LacZ is hier het reporter gen. Als er een groot insert zin,
het gen dat je in wilt bouwen, dat doet dat lacZ gen het
niet meer. Dat lacZ gen maakt een kleurstof. Als er iets is
ingebouwd dan maakt hij het kleurstofje niet meer, dan
kan je dus zien dat daar je insert zit
7. Eiwit opschonings-tags
Als je de vector wilt inbouwen dan wil je aan het uiteinde van je gen
restrictie sites hebben met een overhang en je vector wil je met eenzelfde restrictie enzym knippen
zodat jou DNA molecuul precies op die overhang past die cloning site.
Je moet wel controleren of die restrictie enzymen niet per ongeluk je gen stuk knippen (als je gen ook
die restrictiesites bevat). Dus je moet een restrictie enzym zoeken dat niet in je gen ligt.
Als je twee restrictie enzymen gebruikt kan je er ook nog voor zorgen dat ie maar in 1 oriëntatie erin
past.
Je kan kiezen uit twee primers:
Primer 1: bindt aan de poly-A-staart.

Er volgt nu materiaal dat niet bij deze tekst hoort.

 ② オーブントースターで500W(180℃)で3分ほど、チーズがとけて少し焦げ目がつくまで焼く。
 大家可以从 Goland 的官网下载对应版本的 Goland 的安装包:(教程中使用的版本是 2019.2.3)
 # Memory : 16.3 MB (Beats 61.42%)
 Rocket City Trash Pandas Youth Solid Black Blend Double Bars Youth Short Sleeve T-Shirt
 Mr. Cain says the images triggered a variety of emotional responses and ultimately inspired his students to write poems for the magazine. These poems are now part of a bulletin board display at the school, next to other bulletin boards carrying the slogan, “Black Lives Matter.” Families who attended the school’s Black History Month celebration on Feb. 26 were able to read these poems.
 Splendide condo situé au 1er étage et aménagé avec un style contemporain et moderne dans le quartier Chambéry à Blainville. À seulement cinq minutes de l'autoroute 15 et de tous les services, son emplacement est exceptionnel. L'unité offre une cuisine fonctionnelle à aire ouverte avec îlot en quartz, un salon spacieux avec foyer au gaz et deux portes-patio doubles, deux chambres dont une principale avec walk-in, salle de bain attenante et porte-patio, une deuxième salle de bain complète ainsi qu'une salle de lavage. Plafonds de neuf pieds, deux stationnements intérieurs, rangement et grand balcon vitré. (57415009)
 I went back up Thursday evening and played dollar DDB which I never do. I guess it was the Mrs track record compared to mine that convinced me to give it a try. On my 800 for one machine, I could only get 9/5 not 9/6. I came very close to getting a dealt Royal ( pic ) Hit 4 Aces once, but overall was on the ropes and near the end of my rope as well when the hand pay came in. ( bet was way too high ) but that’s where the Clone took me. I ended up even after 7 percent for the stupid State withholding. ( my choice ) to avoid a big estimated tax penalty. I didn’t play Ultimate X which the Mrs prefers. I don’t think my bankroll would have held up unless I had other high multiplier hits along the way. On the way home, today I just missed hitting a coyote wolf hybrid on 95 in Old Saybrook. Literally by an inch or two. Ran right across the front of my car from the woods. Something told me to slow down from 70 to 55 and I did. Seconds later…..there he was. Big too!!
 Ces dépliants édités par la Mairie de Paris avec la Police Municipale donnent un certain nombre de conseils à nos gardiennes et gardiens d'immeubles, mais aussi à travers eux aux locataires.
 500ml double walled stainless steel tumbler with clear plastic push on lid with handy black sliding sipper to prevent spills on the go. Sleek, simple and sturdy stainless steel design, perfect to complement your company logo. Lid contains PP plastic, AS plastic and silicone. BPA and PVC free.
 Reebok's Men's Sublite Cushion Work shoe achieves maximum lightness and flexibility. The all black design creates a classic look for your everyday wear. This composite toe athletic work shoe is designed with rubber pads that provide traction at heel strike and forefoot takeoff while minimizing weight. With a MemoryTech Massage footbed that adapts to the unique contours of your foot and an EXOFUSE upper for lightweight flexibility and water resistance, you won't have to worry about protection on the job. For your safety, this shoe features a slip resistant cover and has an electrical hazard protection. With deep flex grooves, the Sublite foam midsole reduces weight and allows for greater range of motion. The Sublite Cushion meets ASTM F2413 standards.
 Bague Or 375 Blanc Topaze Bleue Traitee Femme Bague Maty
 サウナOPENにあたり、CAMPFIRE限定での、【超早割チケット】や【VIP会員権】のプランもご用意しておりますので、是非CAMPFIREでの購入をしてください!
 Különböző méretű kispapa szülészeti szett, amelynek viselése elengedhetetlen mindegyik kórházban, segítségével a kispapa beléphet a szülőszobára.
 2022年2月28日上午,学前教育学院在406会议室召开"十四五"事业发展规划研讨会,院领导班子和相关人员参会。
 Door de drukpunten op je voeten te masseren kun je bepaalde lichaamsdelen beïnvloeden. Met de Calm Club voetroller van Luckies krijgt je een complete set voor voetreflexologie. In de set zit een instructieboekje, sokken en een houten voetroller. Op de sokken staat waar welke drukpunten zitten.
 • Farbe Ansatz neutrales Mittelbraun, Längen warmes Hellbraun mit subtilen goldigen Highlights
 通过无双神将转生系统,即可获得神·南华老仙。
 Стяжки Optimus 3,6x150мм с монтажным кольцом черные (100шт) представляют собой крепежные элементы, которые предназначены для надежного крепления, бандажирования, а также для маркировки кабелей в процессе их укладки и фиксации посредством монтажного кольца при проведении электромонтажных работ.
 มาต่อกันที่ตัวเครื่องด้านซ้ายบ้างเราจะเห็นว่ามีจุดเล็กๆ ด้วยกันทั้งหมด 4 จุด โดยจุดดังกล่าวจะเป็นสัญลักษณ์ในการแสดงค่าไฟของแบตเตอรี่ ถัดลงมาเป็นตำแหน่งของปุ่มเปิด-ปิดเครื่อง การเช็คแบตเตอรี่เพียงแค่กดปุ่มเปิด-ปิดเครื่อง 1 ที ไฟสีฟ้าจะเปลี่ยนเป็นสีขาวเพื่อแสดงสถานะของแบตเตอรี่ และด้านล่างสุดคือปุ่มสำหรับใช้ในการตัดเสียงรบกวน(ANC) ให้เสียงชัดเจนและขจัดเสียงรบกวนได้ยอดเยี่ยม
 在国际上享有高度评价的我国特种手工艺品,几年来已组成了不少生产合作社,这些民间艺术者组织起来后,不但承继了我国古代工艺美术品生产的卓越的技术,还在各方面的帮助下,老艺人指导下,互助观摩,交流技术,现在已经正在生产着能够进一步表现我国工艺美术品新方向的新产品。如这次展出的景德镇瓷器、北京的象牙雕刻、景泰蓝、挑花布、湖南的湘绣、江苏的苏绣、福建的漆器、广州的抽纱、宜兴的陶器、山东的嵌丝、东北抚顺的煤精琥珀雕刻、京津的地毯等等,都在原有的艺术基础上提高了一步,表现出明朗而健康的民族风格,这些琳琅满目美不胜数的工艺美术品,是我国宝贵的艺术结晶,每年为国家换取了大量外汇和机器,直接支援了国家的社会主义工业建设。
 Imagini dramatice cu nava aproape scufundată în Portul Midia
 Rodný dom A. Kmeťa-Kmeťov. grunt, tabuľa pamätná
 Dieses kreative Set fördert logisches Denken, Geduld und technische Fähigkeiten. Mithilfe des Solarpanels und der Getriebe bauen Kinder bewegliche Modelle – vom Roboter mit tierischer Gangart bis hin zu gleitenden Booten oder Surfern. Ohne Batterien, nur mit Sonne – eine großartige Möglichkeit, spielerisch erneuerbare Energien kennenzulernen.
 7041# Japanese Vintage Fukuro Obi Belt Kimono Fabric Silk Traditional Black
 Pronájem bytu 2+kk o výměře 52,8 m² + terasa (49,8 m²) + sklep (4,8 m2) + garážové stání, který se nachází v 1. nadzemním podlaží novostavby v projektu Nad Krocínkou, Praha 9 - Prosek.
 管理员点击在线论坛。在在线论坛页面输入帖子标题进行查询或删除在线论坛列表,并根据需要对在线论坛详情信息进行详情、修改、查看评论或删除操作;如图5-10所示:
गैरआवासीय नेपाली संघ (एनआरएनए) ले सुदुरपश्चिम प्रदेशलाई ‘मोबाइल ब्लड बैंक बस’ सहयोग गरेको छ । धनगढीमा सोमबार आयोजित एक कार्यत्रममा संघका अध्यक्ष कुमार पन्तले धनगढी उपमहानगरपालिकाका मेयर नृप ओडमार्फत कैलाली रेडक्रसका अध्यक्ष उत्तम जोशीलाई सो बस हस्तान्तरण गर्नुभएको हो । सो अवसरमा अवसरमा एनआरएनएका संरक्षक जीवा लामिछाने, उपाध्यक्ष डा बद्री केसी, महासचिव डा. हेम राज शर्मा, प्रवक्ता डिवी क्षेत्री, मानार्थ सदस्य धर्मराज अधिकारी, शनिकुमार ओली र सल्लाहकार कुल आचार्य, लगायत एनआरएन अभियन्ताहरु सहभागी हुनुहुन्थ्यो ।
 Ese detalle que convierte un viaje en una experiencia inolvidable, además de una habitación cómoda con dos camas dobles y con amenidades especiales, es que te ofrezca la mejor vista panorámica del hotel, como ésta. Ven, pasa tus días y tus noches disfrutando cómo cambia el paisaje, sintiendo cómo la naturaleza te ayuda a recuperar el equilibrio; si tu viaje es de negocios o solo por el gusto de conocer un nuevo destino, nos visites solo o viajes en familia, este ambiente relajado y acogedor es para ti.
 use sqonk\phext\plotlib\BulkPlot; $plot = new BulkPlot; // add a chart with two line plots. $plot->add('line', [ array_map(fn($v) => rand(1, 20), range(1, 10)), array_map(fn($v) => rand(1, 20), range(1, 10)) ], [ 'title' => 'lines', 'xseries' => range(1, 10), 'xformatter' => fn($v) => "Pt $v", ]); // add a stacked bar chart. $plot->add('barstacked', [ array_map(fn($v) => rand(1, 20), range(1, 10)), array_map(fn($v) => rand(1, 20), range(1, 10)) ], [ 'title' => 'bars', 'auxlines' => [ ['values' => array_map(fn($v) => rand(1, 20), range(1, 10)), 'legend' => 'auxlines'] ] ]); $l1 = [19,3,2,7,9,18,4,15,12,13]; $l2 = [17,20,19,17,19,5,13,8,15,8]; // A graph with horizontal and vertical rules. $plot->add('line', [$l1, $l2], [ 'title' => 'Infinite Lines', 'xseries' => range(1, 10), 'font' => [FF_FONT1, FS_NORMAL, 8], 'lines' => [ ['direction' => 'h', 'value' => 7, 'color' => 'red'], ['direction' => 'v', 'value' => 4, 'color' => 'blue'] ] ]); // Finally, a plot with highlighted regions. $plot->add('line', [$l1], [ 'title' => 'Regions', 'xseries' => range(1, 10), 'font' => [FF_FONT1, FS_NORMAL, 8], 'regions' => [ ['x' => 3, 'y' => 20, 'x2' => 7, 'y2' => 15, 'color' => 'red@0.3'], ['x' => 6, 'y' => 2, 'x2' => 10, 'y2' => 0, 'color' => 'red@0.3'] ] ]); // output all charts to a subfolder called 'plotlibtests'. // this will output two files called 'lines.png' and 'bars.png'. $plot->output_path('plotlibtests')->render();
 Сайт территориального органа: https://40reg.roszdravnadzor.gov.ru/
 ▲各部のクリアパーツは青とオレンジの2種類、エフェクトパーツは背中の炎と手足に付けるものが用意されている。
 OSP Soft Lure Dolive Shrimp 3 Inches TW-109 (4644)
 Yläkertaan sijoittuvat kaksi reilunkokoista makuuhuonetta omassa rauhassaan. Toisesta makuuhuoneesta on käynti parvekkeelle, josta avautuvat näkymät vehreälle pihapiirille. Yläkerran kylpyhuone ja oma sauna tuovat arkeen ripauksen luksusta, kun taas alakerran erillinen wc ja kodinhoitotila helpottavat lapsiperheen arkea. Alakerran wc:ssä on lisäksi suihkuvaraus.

Want je weet zeker dat mRNA een poly-A-staart
heeft
Primer 2: bindt een stukje verder
Sommige reverse transcriptases zoals HIV hebben een hele slechte proofreading. Dit is gunstig/
adaptief voor HIV. Omdat dit ervoor zorgt dat het virus de hele tijd een klein beetje veranderd. Dit
maakt dat het de hele tijd aan het immuun systeem kan ontsnappen. Als je T-killer cellen hebt die
viruseiwitten op de buitenkant van die cellen herkennen dan zijn er altijd weer varianten van het
virus in je lichaam aanwezig die weer net een ander eiwit hebben die vervolgens niet herkent wordt.
Zo blijft dat virus maar ontsnappen aan je immuun systeem.
Nadeel: in je buffer zitten wel stoffen die RNAase stuk maken?